Esta es una historia muy triste, muy cruel, que en su momento desató la parte más oscura del ser humano, y que ahora la ciencia y la casualidad han aclarado, después de que Kathleen haya pasado 20 años en prisiones de máxima seguridad. «Siempre he pensado y pensaré en mis hijos y lloro por ellos; los he echado de menos y los he amado mucho», ha dicho, de este calvario, en su casa, con un ademán tranquilo y un comportamiento discreto, mientras colocaba un ramo de flores en un jarrón y acariciaba a un perro.

Dos llamadas telefónicas

Hablamos de ciencia y casualidad. Y de dos llamadas telefónicas. La primera, de un abogado que antes había sido científico y que había estudiado inmunología con una eminente investigadora. David Wallace se interesó por el caso y habló con su exprofesora, Carla García de Vinuesa. No lo veía nada claro. Aquí empezó la investigación que confirmó que todos los bebés murieron por causas ajenas a la voluntad de la madre. La segunda, poco después de saber que había sido indultada, de Kathleen a García de Vinuesa. Tres de la madrugada en Inglaterra.
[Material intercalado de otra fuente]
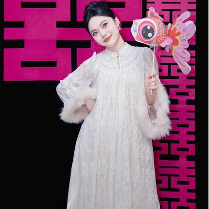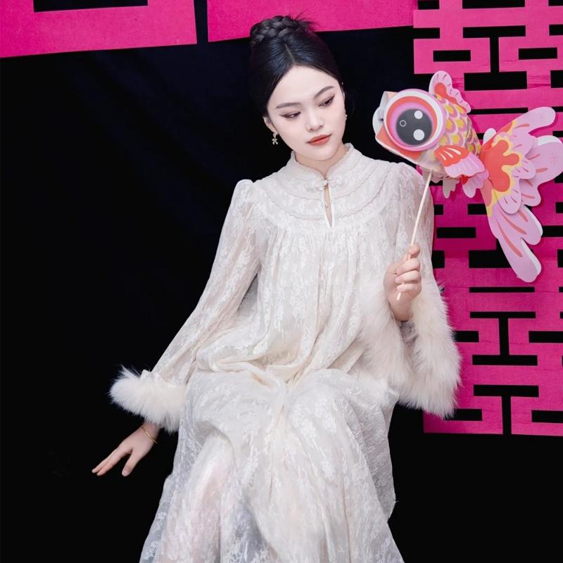新中式蕾丝晨袍新娘女2025春夏新款高级感日常可穿温柔长袖连衣裙
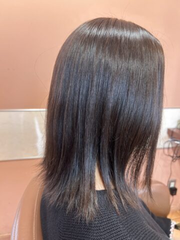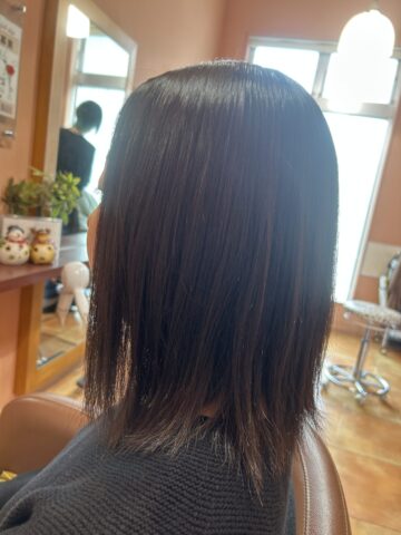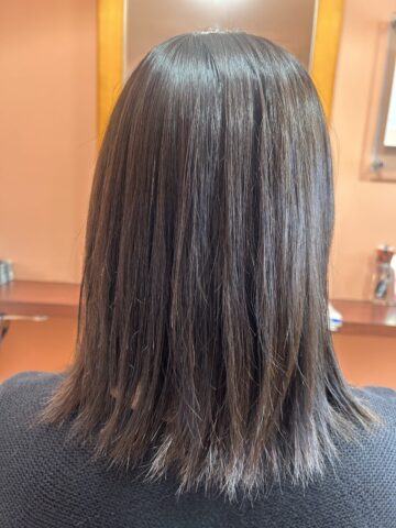 ベースの長を肩より少し長めに毛先は軽くレザーカット。表面の重さを残して内側を中心に軽くしました。
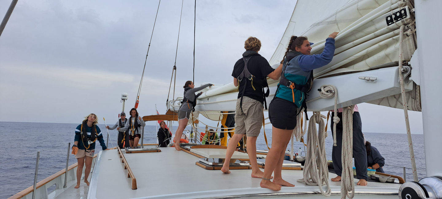 After lunch, half of us where in Nav master class where the other ones could enjoy our free time. Calum, Skyler and Joel installed a fishing line at the back of the boat. Despite Allie’s energy when she thought there might be something, they didn’t catch any fish. During this time, Alison and Zoe were learning the sign language alphabet which they used to communicate for the rest of the day. During marine bio class, we were all trying not to cry. We can’t really tell why. It might be because of the beauty of the under world fish we where leaning about or because or the onion that were cut in the galley.. who knows ?
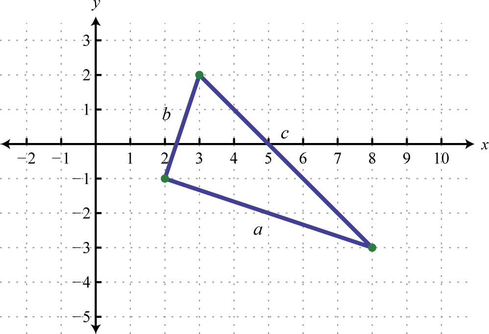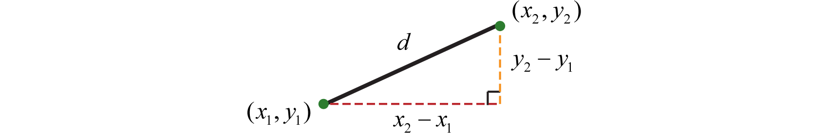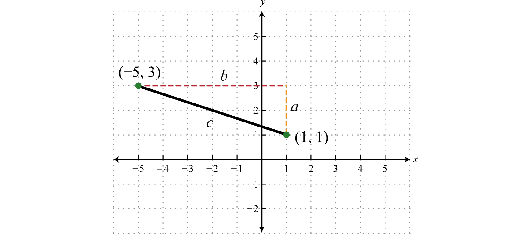 Frequently you need to calculate the distance between two points in a plane. To do this, form a right triangle using the two points as vertices of the triangle and then apply the Pythagorean theorem. Recall that the Pythagorean theorem states that if given any right triangle with legs measuring a and b units, then the square of the measure of the hypotenuse c is equal to the sum of the squares of the legs: In other words, the hypotenuse of any right triangle is equal to the square root of the sum of the squares of its legs.

Desde Australia, la madre inocente le dice a la doctora que su deseo más intenso es «cambiar el epitafio de mis hijos y decir que no fueron asesinados».

Ella lo sabía, pero los jueces, expertos, periodistas, la opinión pública, opinaron lo contrario. Cuando fue condenada, The Age of Melbourne publicó una crónica que titulaba así: «Kill them softly» (Mátalos suavemente, como en la canción). Y relacionaba la tragedia con la carga genética del padre (que, ese sí, había apuñalado a la madre de Kathleen cuando ella tenía 18 meses), las privaciones de una infancia sórdida y un afán de emular a Medea, «la mujer que asesina a sus hijos y hace temblar los cimientos de la civilización». Y también dijeron (un digital, News.com.au) que era manipuladora y mentirosa y que nunca sería vista como la «santa cruelmente denostada, como defienden sus partidarios», sino como un monstruo sin alma.

Esta es la historia triste de una niña que creció en orfanatos y casas de acogida, que se casó jovencita y que escribió: «Me siento como la peor madre del mundo». La condenaron por los gritos ahogados y sordos que escribía en un diario, como un intento desesperado para huir del drama. Las «palabras de una madre aquejada», ha declarado el comisionado que ha revisado la sentencia y que ha demostrado lo contrario de lo que pretendía el doctor Meadow.